(Extracted material Opens)

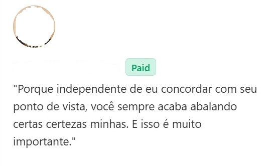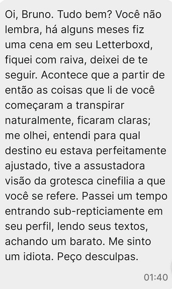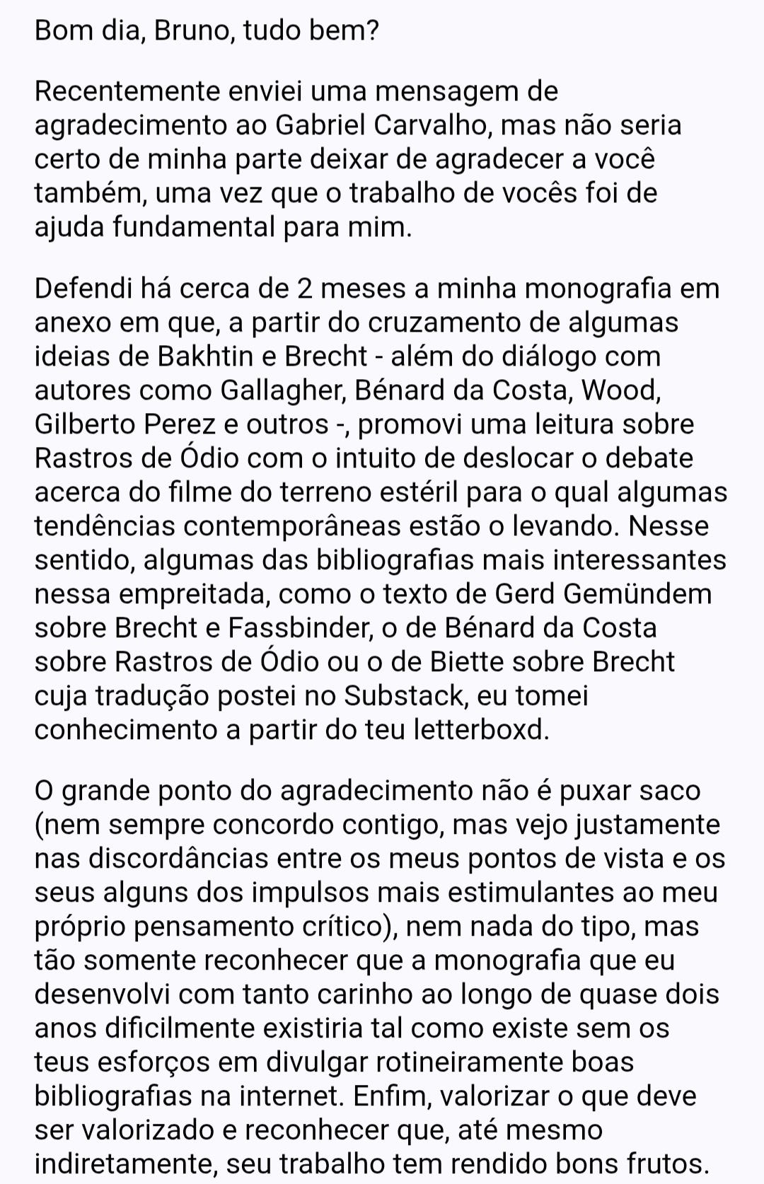 Sobre essas divergências, ou mais precisamente a constatação da parte de leitores de que há na divergência um estímulo ao pensamento que pode ser (e frequentemente é) mais forte que o que vem da concordância: foram três manifestações, uma mais ou menos próxima da outra, duas aqui no Substack e uma por e-mail, e as três demonstraram um tipo de inteligência, de sensibilidade, de discernimento que se vê muito pouco, mas felizmente não mais cada vez menos, na crítica e na cinefilia.
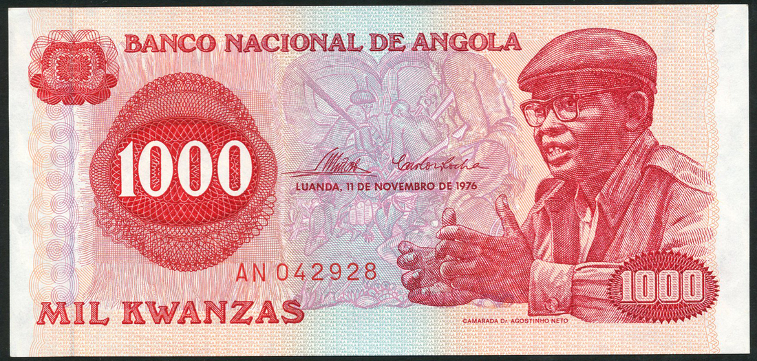 (x) Banco Nacional de Angola, a set of the 11 November 1976 issue comprising 20 kwanzas, orange-brown, 50 kwanzas, mauve, 100 kwanzas, green, 500 kwanzas, blue and 1000 kwanzas, red, all portrait of Antonio Augustinho Neto, the first President, at right, all unknown signature and Lilolwa signatures, reverse various allegorical scenes
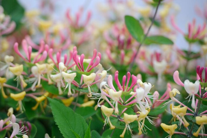 独特の形をした小花が集まって咲く様子が華やかなハニーサックル。濃厚な甘い香りを放ちミツバチを誘います。ツル性植物なのでフェンスなどにはわせると華やかに。
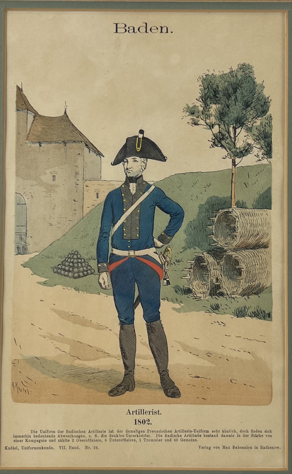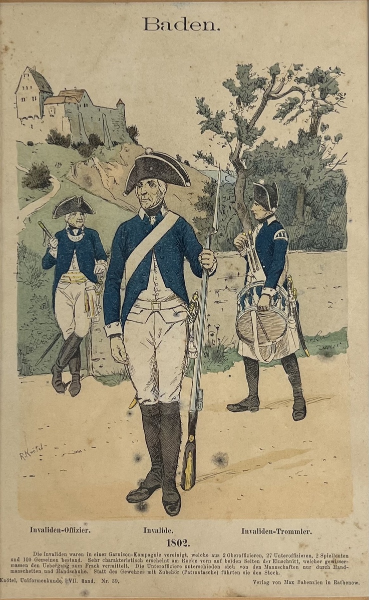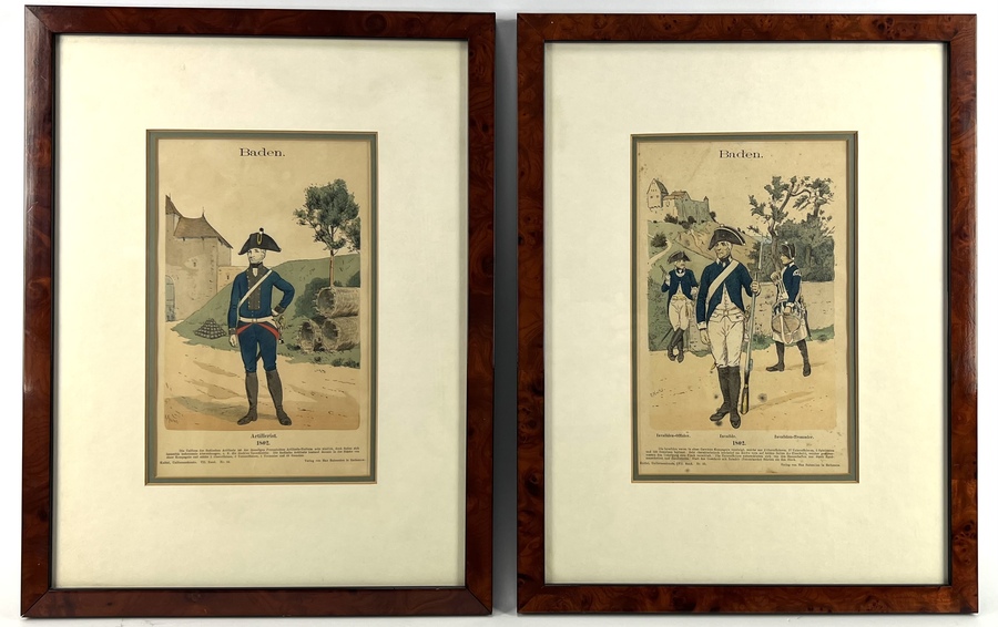 Twee prenten van militairen in tenue van het leger van Baden. "Artillerist" en "Invaliden", maker Richard Knötel. Uitgeverij Max Babenzien, Rathenow. Eerste kwart 19e eeuw . |
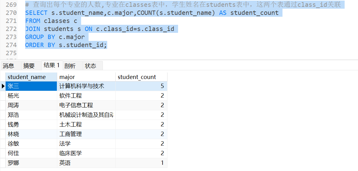 # 查询出每个专业的人数,专业在classes表中,学生姓名在students表中,这两个表通过class_id关联,按照专业进行分组
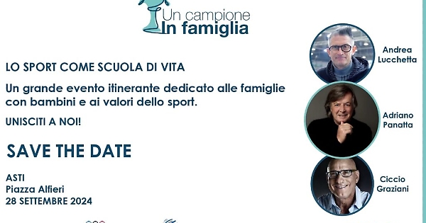 Sabato 28 settembre, a partire dalle 9 sino alle 12, si terrà in piazza Alfieri la manifestazione “Un campione in famiglia”, un grande evento itinerante dedicato alle famiglie ed organizzato da Cattolica Assicurazioni, con il patrocinio del Coni e del Comitato italiano Paraolimpico. Saranno presenti tre campioni di diverse discipline, ossia il tennista Adriano Panatta, il calciatore Ciccio Graziani ed il pallavolista Andrea Lucchetta.
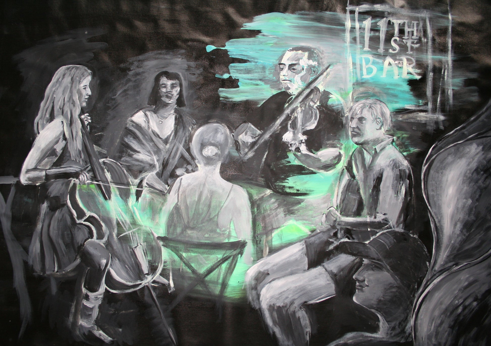 I love going to an Irish bar and listening to Irish music. As a result, I got the idea to create a large acrylic painting with musicians. This is a figurative composition with musicians playing traditional Irish music in a bar.
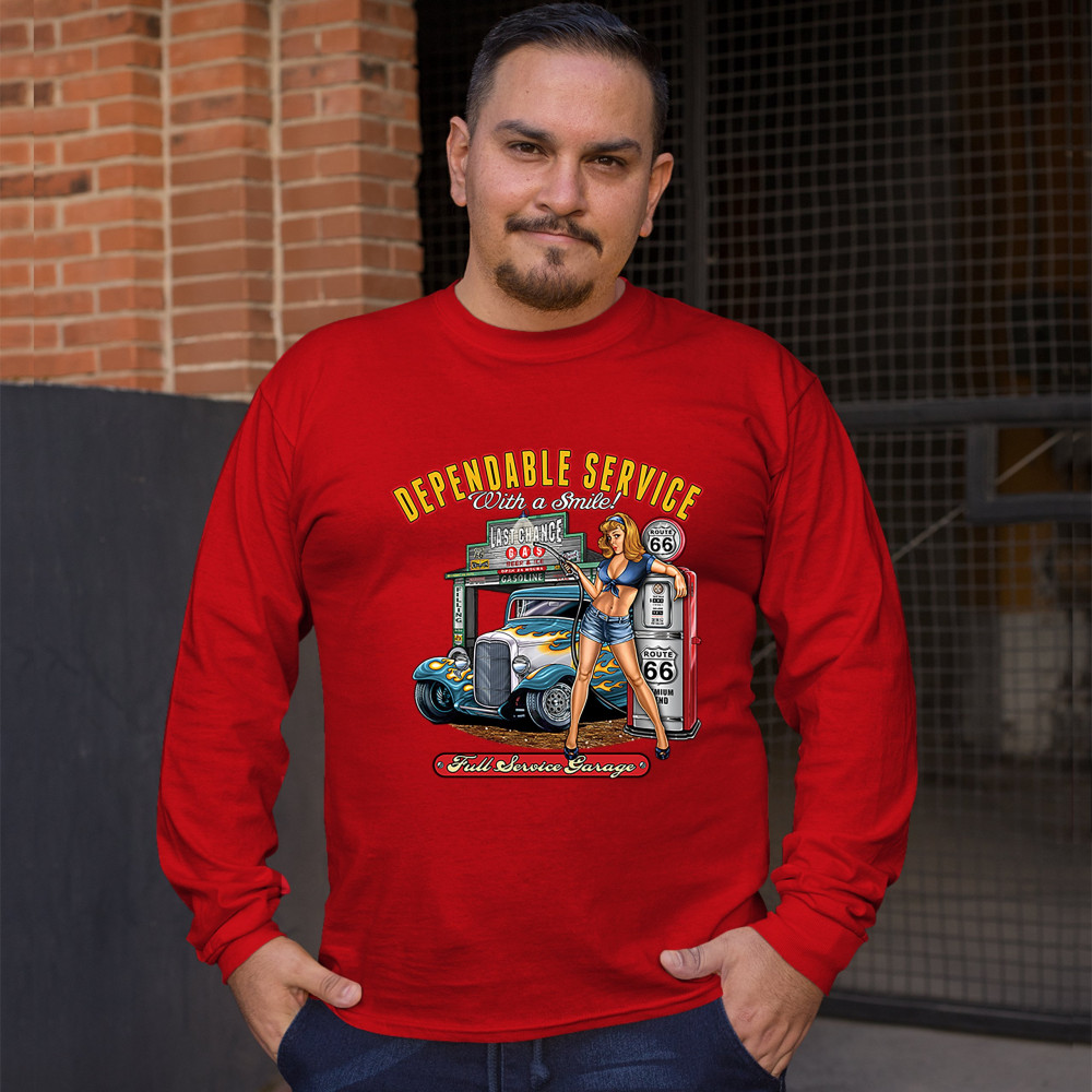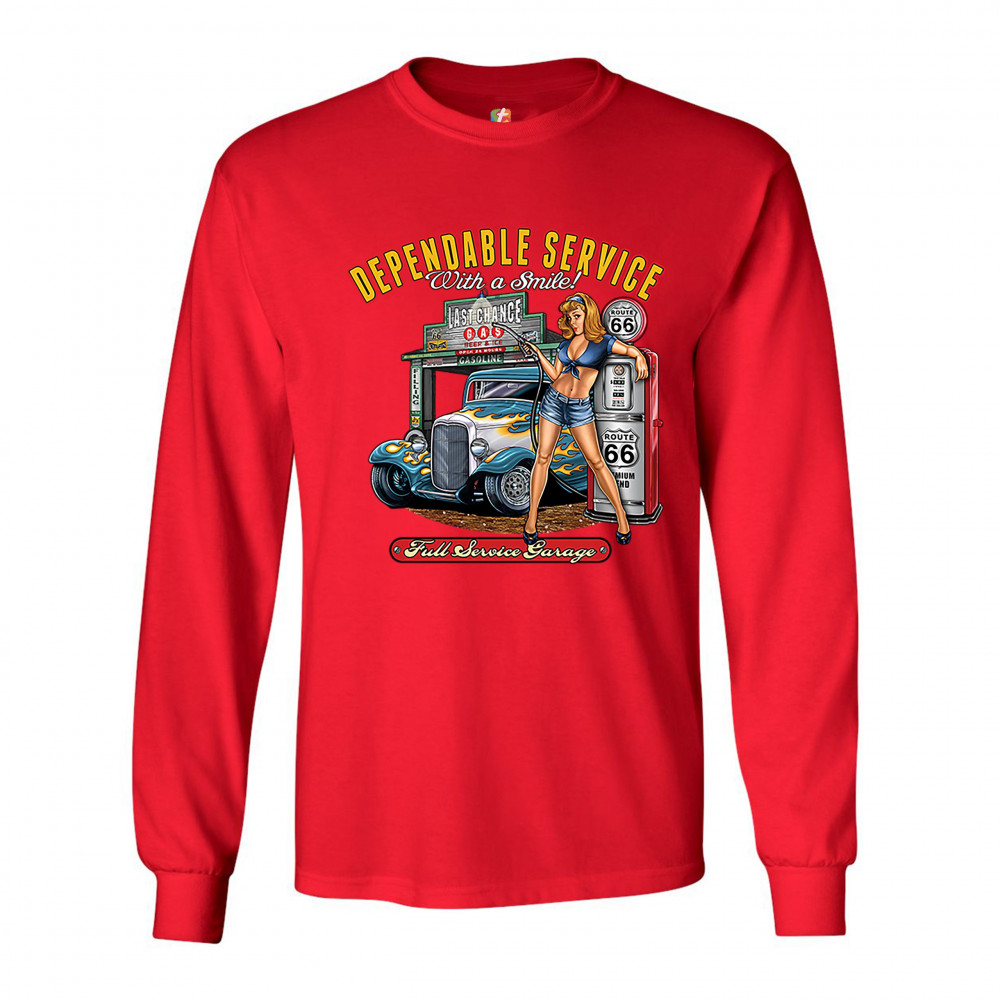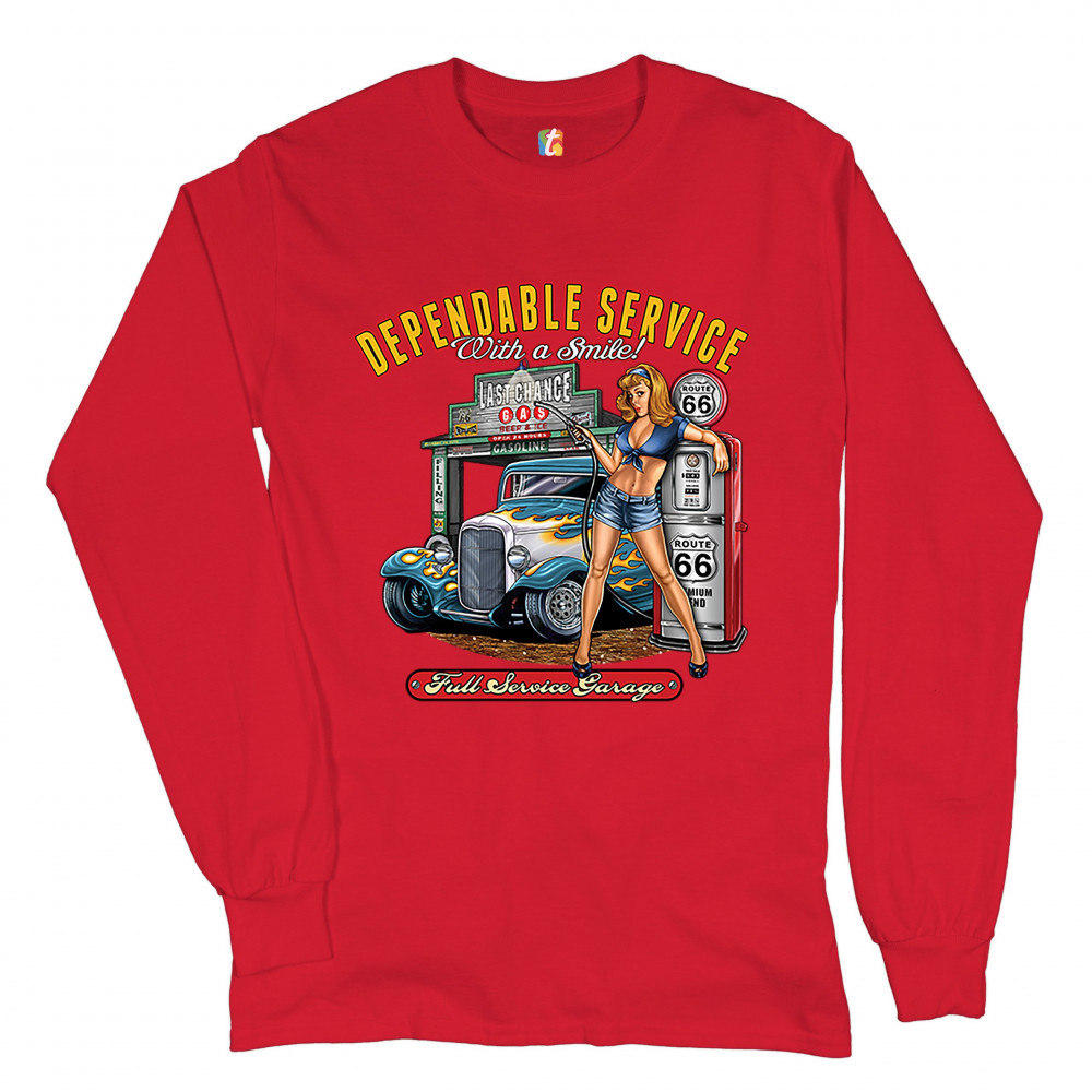 A print featuring a sexy pin-up girl standing by a gas pump with Route 66 signs on it. Behind her there is a garage with a hot rod parked at it. The print says: "Dependable Service With a Smile!" at the top and "Full Service Garage" at the bottom. A great

(Extracted material Closes)

> _Task brief_:
All of the data above must be printed exactly, minus its pictures.

> _Worked solution_:
 Sobre essas divergências, ou mais precisamente a constatação da parte de leitores de que há na divergência um estímulo ao pensamento que pode ser (e frequentemente é) mais forte que o que vem da concordância: foram três manifestações, uma mais ou menos próxima da outra, duas aqui no Substack e uma por e-mail, e as três demonstraram um tipo de inteligência, de sensibilidade, de discernimento que se vê muito pouco, mas felizmente não mais cada vez menos, na crítica e na cinefilia.
 (x) Banco Nacional de Angola, a set of the 11 November 1976 issue comprising 20 kwanzas, orange-brown, 50 kwanzas, mauve, 100 kwanzas, green, 500 kwanzas, blue and 1000 kwanzas, red, all portrait of Antonio Augustinho Neto, the first President, at right, all unknown signature and Lilolwa signatures, reverse various allegorical scenes
 独特の形をした小花が集まって咲く様子が華やかなハニーサックル。濃厚な甘い香りを放ちミツバチを誘います。ツル性植物なのでフェンスなどにはわせると華やかに。
 Twee prenten van militairen in tenue van het leger van Baden. "Artillerist" en "Invaliden", maker Richard Knötel. Uitgeverij Max Babenzien, Rathenow. Eerste kwart 19e eeuw . |
 # 查询出每个专业的人数,专业在classes表中,学生姓名在students表中,这两个表通过class_id关联,按照专业进行分组
 Sabato 28 settembre, a partire dalle 9 sino alle 12, si terrà in piazza Alfieri la manifestazione “Un campione in famiglia”, un grande evento itinerante dedicato alle famiglie ed organizzato da Cattolica Assicurazioni, con il patrocinio del Coni e del Comitato italiano Paraolimpico. Saranno presenti tre campioni di diverse discipline, ossia il tennista Adriano Panatta, il calciatore Ciccio Graziani ed il pallavolista Andrea Lucchetta.
 I love going to an Irish bar and listening to Irish music. As a result, I got the idea to create a large acrylic painting with musicians. This is a figurative composition with musicians playing traditional Irish music in a bar.
 A print featuring a sexy pin-up girl standing by a gas pump with Route 66 signs on it. Behind her there is a garage with a hot rod parked at it. The print says: "Dependable Service With a Smile!" at the top and "Full Service Garage" at the bottom. A great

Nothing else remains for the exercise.